November 8, 2006, 12:27 PM
I started this thread because I thought that I was looking at a bogus Colt slide. Now that I have been dooing some research, I see it other places. Check this out:

I have never seen this "Pony" before. And neither have any of you. What's up Doc?

November 8, 2006, 12:30 PM
I think it's OK. My question is, "why would somebody counterfeit something common like that? It has all the patent dates, etc. A Walker Colt, they do counterfeit, but a < $1,000 .45 Auto? Hmmm.

Besides, those rampant ponies are not all alike. Believe me, they have many variations.

November 8, 2006, 12:55 PM
Talking to some collectors. Apparently there are a couple 1911s that are somewhat popular to counterfeit. The CHinese do that sort of thing.

Jim K
November 8, 2006, 01:21 PM
I think the slide is OK. That "skinny" pony is correct for a late WWII pistol. My 1943 (which is definitely not a fake) has the same marking.

I think part of the reason for the "skinny" appearance and the "dots" instead of mane hair of the pony, plus the thin and shallow letters is that the slide has been "shaved" (to eliminate a layer of rust or pitting) and then refinished.

Plus the "G.H.D." stamping doesn't look right.


November 8, 2006, 01:22 PM
Dog Bonz, that is a neat site......never saw it before. It's nice to have places like that and coolgunsite to judge the old guns. The guns are getting snapped up fast and there's more Bubba's Garage guns on the market than ever before.

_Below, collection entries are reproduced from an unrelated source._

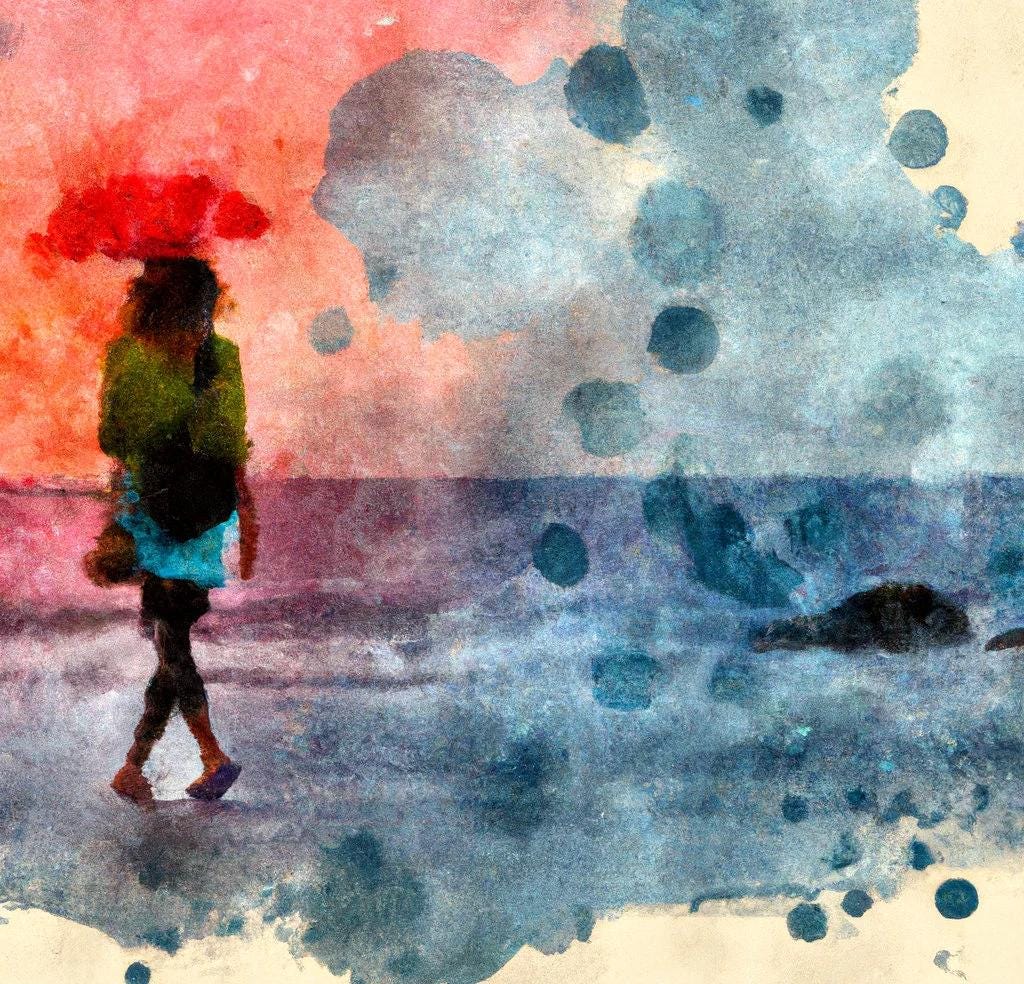Water color Painting of a woman walking alone by the sea. The painting captured her walking on the wet sand, with her hair flying in the wind. The colors of the painting are vibrant, with blues and greens representing the sea, and yellows, oranges, and red representing the sky.
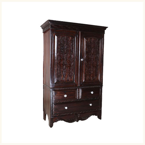 Crafted of the finest tropical rosewood, the Goa Armoire displays the bolder turnings and heavier lines that mark colonial era furniture. This stately armoire features a large cabinet, four outer drawers, and beautiful hand carving across its exterior. |
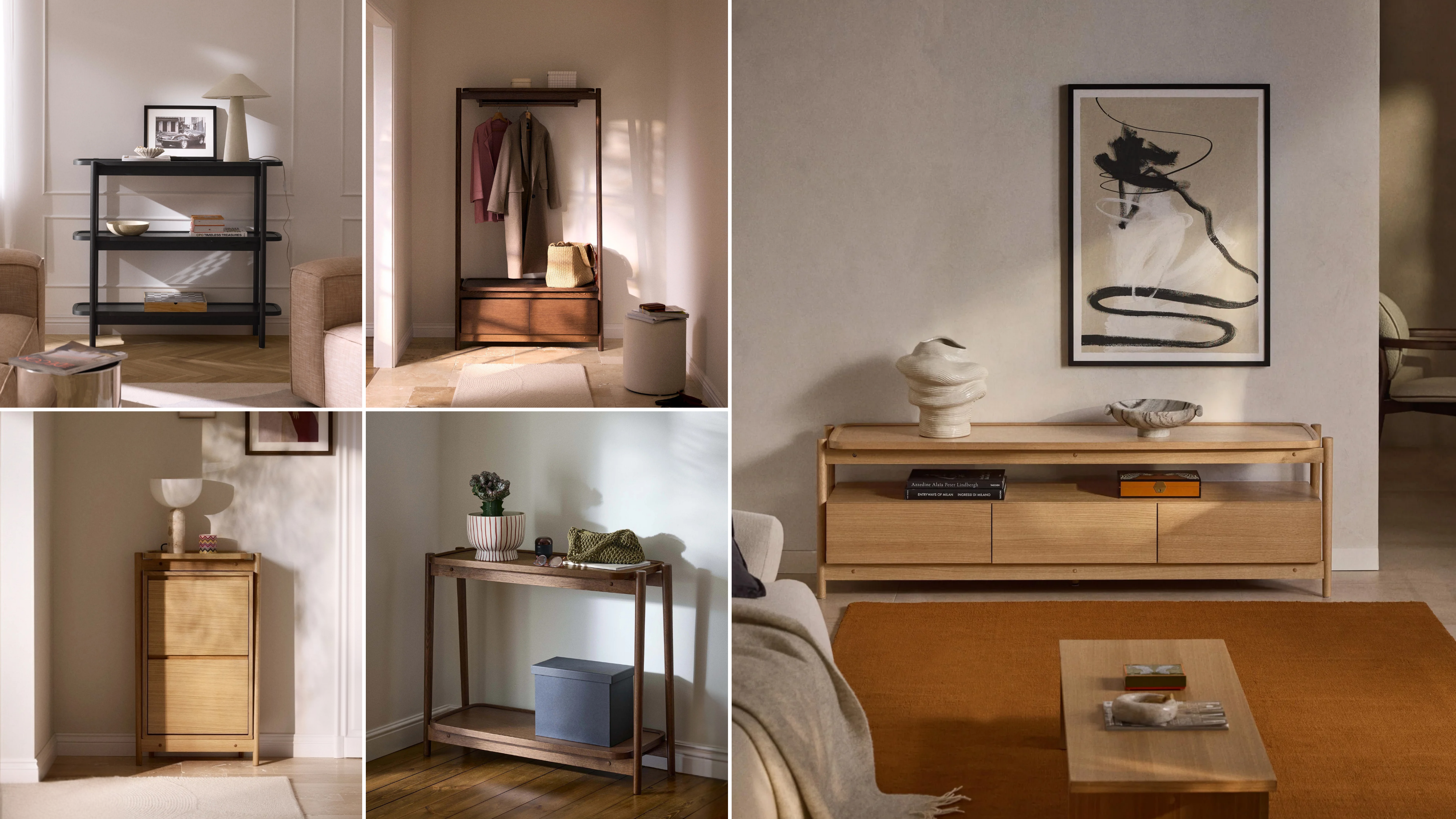 LIBBY is inspired by 60s design and brings the perfect balance of vintage and modern to the room. Rounded edges and an airy silhouette make the furniture feel less bulky, ideal for functional, open storage.
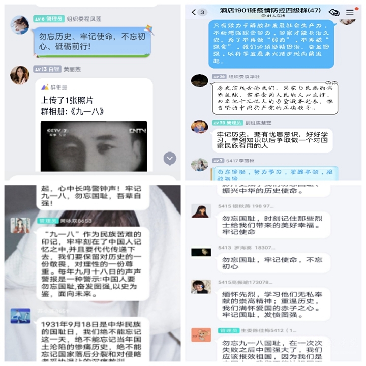 各班級組織觀看了央視頻道播放的《“九一八”真相》記錄片,隨后在班級群里展開討論。隨著紀錄片的播放,同學們一起回顧那段坎坷歲月,感受我們中華民族在當時所經歷的艱難。在討論的過程中,同學們精神振奮,情緒激昂,在共同緬懷遇難同胞,表達對先烈崇高的敬意和深深的悼念之情的同時,不忘相互激勵。
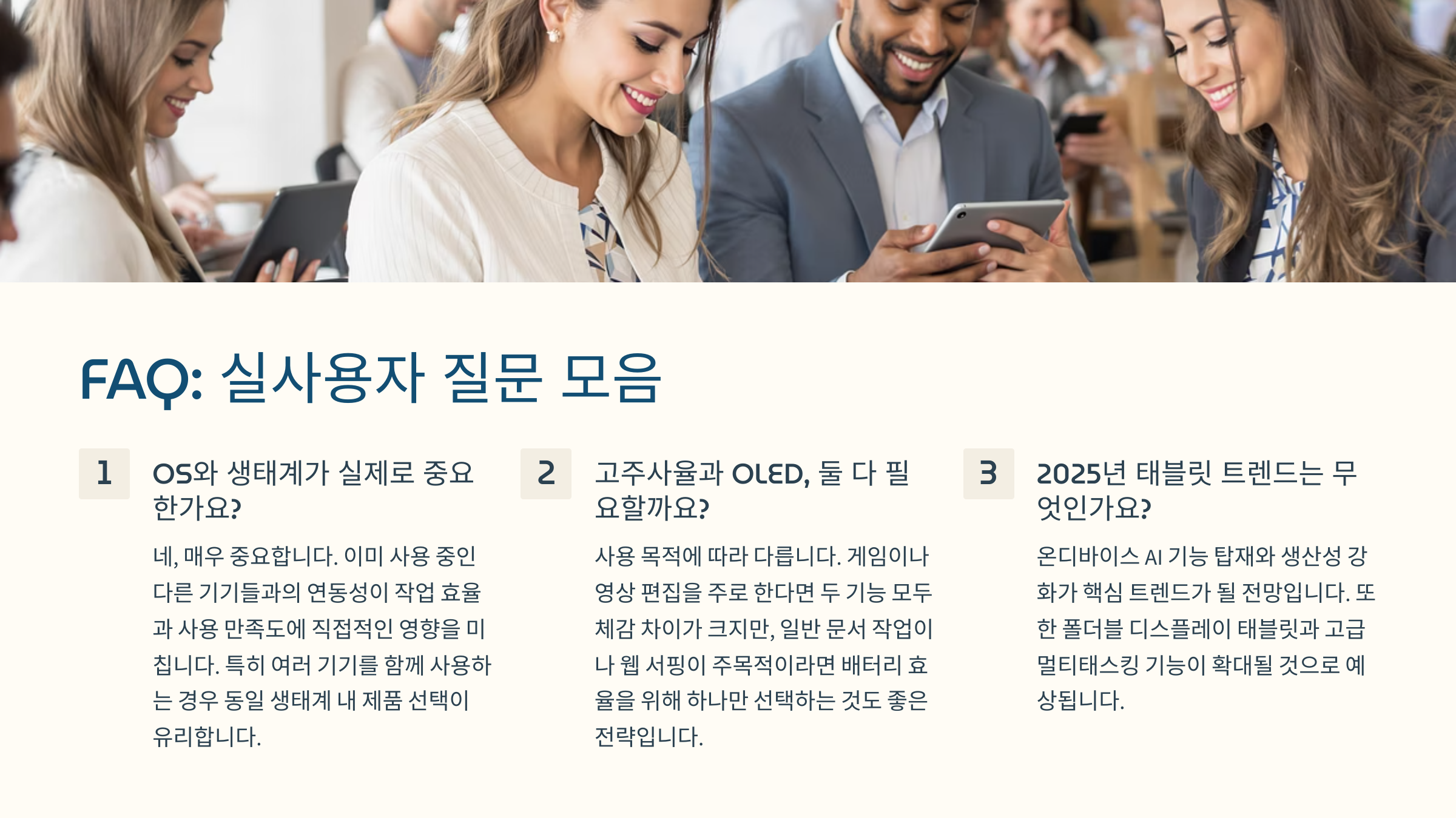 이제 어떤 태블릿이 오랫동안 안정적으로 쓸 수 있는지도 판단할 수 있겠죠? 다음 마지막 세션에서는 자주 묻는 질문(FAQ) 8가지에 답하면서 지금까지 이야기한 내용을 정리해드릴게요 😊
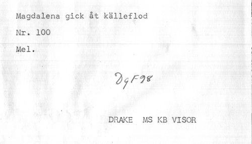 //// Magdalena gick åt källeflod //// Nr. 100 //// Mel. : //// ! //// t //// * //// . //// DRAKE MS KB VISOR ////
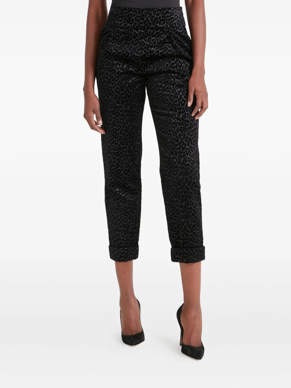 Бархатные брюки с леопардовым принтом Temperley London, черный
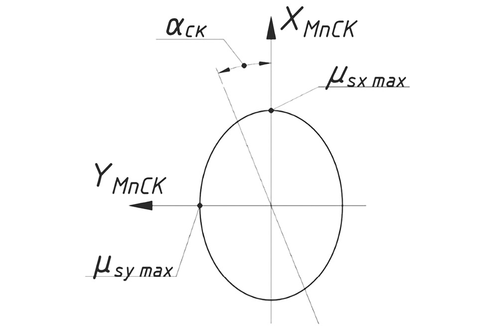 Предельная сила, в продольном и поперечном направлении, ограничена эллипсом трения. Так как предельная сила напрямую связана с коэффициентом трения предельного скольжения, тогда в качестве параметров эллипса будут приняты коэффициенты трения при полном буксовании на продольную ось XМпСК и поперечную ось YМпСК соответственно: µsx.max , µsv.max (рис. 6).
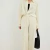 These suit pants are on the back and feature a straight leg, a mid waist, a cut out detail and a zipper closure.
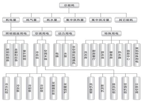 2) 分項原則:按建筑設施中不同用能系統進行分類采集和統計的能耗數據,如:空調用電、動力用電(電梯、水泵)、照明用電、特殊用電(機房、餐廳)等。
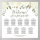Este lindo gráfico de 9 mesas tem espaço para 90 convidados com 10 assentos por mesa. Apresenta um design floral rústico de bolho com rosas pintados manualmente de aquarelas e flores em tons de marfim, branco e creme, cercados por folhas verdes de sábio e folhagem de jardim. O título diz: Bem-vindo! Por favor, encontre sua mesa escrita em uma caligrafia elegante. Há espaço para os nomes do casal e da data do casamento abaixo. Uma maneira maravilhosa de dar as boas-vindas aos seus convidados à sua recepção de casamento, enquanto os ajuda a encontrar os seus lugares.
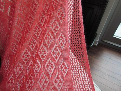 Diamond Mesh Lace Wrap is a diamond lace design framed by a complimentary mesh lace. The medium or large wrap is perfect for chilly nights or a smaller version that could double as a wrap or a large lace scarf. An ideal all-season accessory.
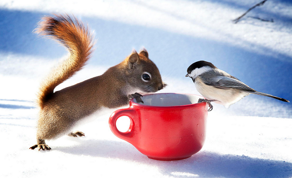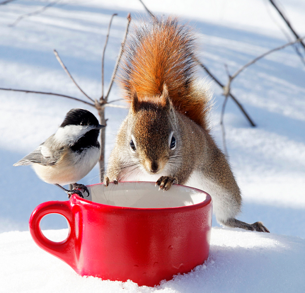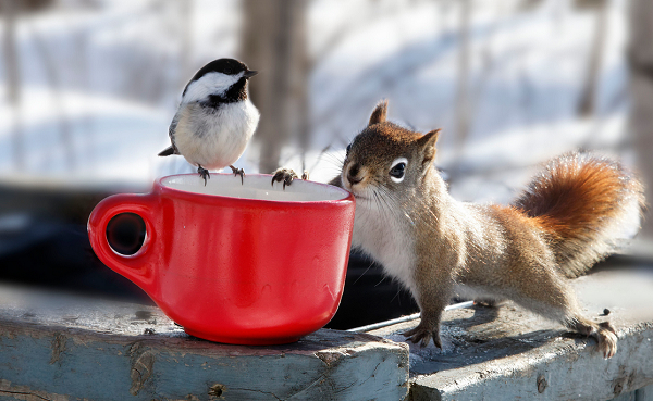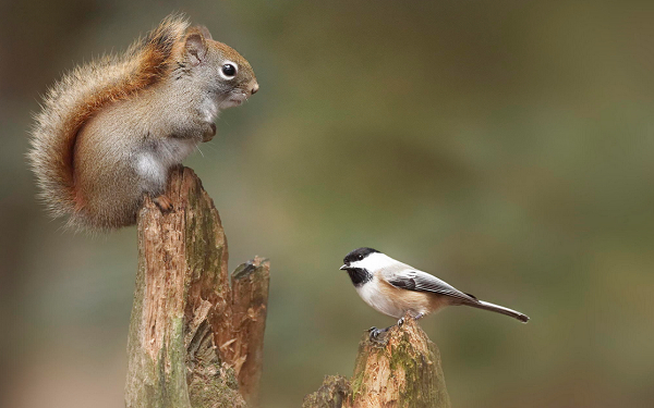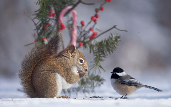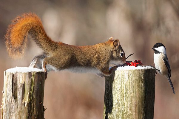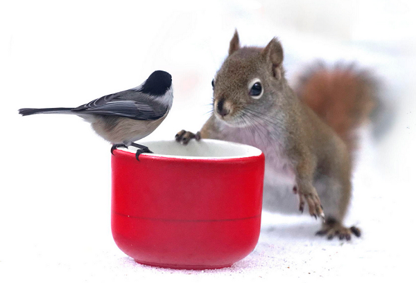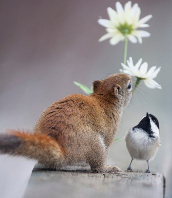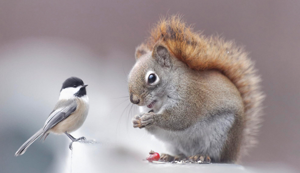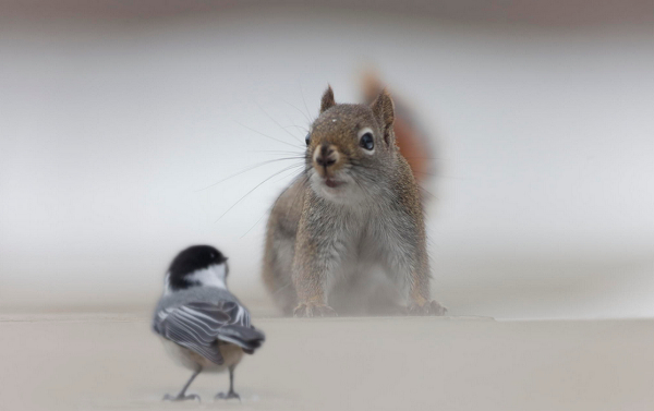 在他近期的作品裡,小編發現這一系列的可愛照片 – 小松鼠 & 黑頂山雀
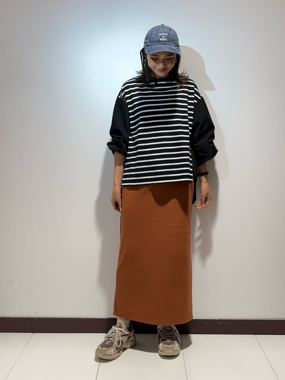 スカートは、細めのリブで合わせやすくストレッチも効いていて動きやすいのでママにもオススメです🩷

November 8, 2006, 01:59 PM
Yea I just kinda stumbled upon it. It does have some good, clear up-close pics though, which can be really helpful.

So now I'm thinking that maybe it is real, and that this guy just has the wrong year.

November 9, 2006, 11:19 AM
I bought it any way, I got it on the cheap, and the locking lugs are nice ans square, so i figured what the heck.